Healthy sweet potato chocolate brownie recipe that’s easy, foolproof, full of fibre and loaded with nutrition. It’s moist and fudgy with a rich deep dark chocolate flavour but not too bitter with sweet almonds and sweet potato.
There’s more nutrition in a slice of these healthy chocolate brownies than many people have in a day!

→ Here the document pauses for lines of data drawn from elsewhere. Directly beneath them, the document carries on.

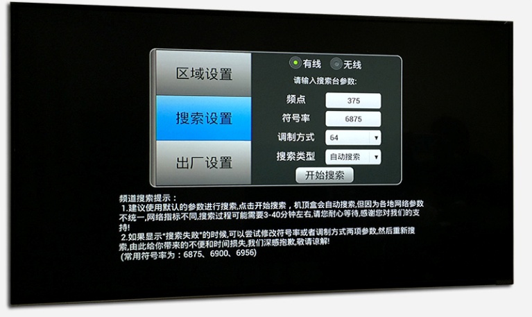 如果插入數字電視智能卡,不能觀看節目,可以進行全頻搜索。
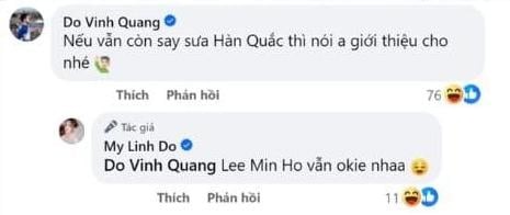 Chủ tịch CLB Hà Nội Đỗ Vinh Quang - ông xã của cô lập tức phản hồi khi thấy bà xã hoa hậu nhắc đến trai đẹp: "Nếu vẫn còn say sưa Hàn Quắc (Hàn Quốc - PV) thì nói anh giới thiệu cho nhé". Về phía Đỗ Mỹ Linh, cô nàng cũng phản hồi chồng bằng lời khẳng định: "Lee Min Ho vẫn ok nha".
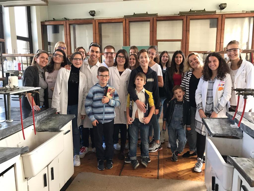 ОпштеДОГАЂАЈИ-фотографијеУ суботу, 12. октобра, неколико наших ученика је заједно са професорком Иваном Вуковић учествовало у промоцији науке на Хемијском факултету у сарадњи са Руским центром за образовање и науку. Ова манифестација је осмишљена поводом обележавања 150 година од открића Мендељејевог Периодног система елемената. Наши ученици су изводили демонстарционе огледе посетиоцима, који су поред уживања у истим имали прилику да посете и Музеј хемије уз стручно вођење. Захваљујемо се нашим ученицима за ваннаставно ангажовање.

This brownie recipe is suitable for vegan, plant-based, paleo, gluten-free and general healthy whole food diets. To make totally sugar free and keto chocolate brownies make with a chocolate that is sweetened with a keto sweetener such as xylitol.
My healthy chocolate brownie contains no flour or butter but instead, ground almonds and sweet potato are used to give a brownie with great texture. This also means it’s high in protein and low in saturated fat.
I was planning on calling these no-bake chocolate brownies but I really wanted to bake the sweet potato rather than steam as it’s way easier and more flavourful. With baking, just prick it, bake and then scoop out the insides. Baking makes the sweet potato cook in its own juices and is not too wet like boiling or steaming will.
- 2 medium Sweet Potatoes, about 11oz / 300g with skin on
- 1 cup / 120g Ground Almonds
- 4.4 oz / 125g Dark Chocolate
- Top and tail the sweet potatoes, prick and bake at 430F / 220C for 40 minutes.
- Once cool enough to handle scoop out the hot flesh and mix with the chocolate and almonds.
- Press sweet potato brownie mixture into a square dish about 8″ then chill for an hour to set.
- Cut into squares and enjoy the healthy chocolate brownie. Store in the fridge where it will last for 5 days.
- Don’t throw away the skin – the best thing with baking is you get a chefs treat of the nutrient-dense skins! You can bake the skins for a few minutes to make really crispy.